The profession itself isn't what it used to be either. It's more business-like now, less collegial. "People don't trust each other as much," he says. There was a time he used to have lunch with the opposing lawyer. That doesn't happen anymore. "Business leads the practice now," he says. But Adler's business has always been personal.

The Attorney Client Friendship 

Not many lawyers have a real attachment to the furniture in their office, but Adler has kept the same furniture for 30 years. A client made it for him specifically. Influenced by Adler's work with aviation law, he designed the furniture to resemble aviation wings. The wood of the desk, bookcase and end tables is curved, looking like waves. The client gave him this furniture as payment when he could not afford Adler's services and it has made the move with him every time he changed offices or started another law firm. His clients moved with him too.

Adler's relationship with his clients is unique. Other lawyers find it extraordinary that he kept some clients for over 30 years. Adler built genuine friendships out of attorney client relationships. While other lawyers keep company with their clients in order to keep their business, Adler truly enjoyed their company.

People may expect dinner at a steakhouse when they are with their lawyer, but Adler's clients were accustomed to parties and camping. Adler's firm sponsored traditional events that sealed life long friendships. For several years they hosted a campout at the annual Air Show in Oshkosh, Wisconsin. Attorneys and clients pitched tents on the lawn of an old farmhouse that bordered the show. Barbeque, touch football, campfires and kegs of Adlerbrau beer were a part of the tradition that lasted over 25 years. Former clients, now retired from their own businesses, are still in contact with Adler. In fact, his closest friends today are former clients.

When asked how he managed to keep his clients with him so long he laughs and says, "Well, I'm just a likeable guy." He credits his partners with helping him earn his clients' loyalty. According to Adler the clients want to know that someone else can take the reins. There was a second generation of lawyers who had Adler's confidence and gradually he passed the torch over to them.  

The South Side Office

 Anyone looking for Adler on a beautiful summer afternoon when the White Sox are in town can find him on the south side of Chicago at U.S. Cellular Field. At some point during the game he will take out his cell phone and place a call back to the office to one of his partners.
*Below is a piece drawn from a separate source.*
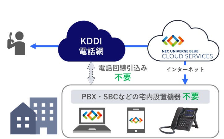 NECプラットフォームズは、音声通話・チャット・Web会議・ファイル共有などオフィスコミュニケーションに必要な機能を統合したクラウドサービス「UNIVERGE BLUE(ユニバージュブルー)」において、電話回線の新設工事や宅内設置機器が不要なキャリア直収モデルの提供を2026年2月より開始します。今回直収対象となるキャリアはKDDI株式会社(以下、KDDI)です。クラウド上でKDDI電話網と直接接続することで、高い信頼性と安定した音声通話を実現できます。

"Hello," he will say, "just checking in to see how things are going back at the office."

"Everything is fine here John," his partner will say. "And how are things at the South Side office?"

"Oh, the Sox are up 3-2, top of the 8th," he'll report.

His days of going to trial and being away from his wife for weeks at a time are behind him. Usually when he spends an afternoon at the Sox game his wife is in the seat next to him. They had season tickets behind home plate for many years, but recently gave them up as they started traveling more. The same thing happened with the season tickets to the Chicago Symphony.

He travels almost as frequently now as he did when he was still preparing for trial. Each year he and Joann spend the winter in Florida. And he admits that when he is away from the office, he misses being there. He likes the "mental gymnastics" this job requires and the camaraderie with the other lawyers. When he is in the office he finds himself talking to the young lawyers. He will occasionally poke his head in their office to ask about their work, similar to the way Bobby Kennedy once came around to talk to him.  

He calls from O'Hare airport, where he and "Lucky" are waiting to board their flight. They are on their way to Baltimore to attend the wedding of a former client's son. While they are there they will take in a dinner at "The Prime Rib," a favorite restaurant he discovered years ago when he was there on business. He answers a few more questions before boarding his flight. When the conversation on his life and career eventually comes to a close he says, "I didn't even have to make anything up."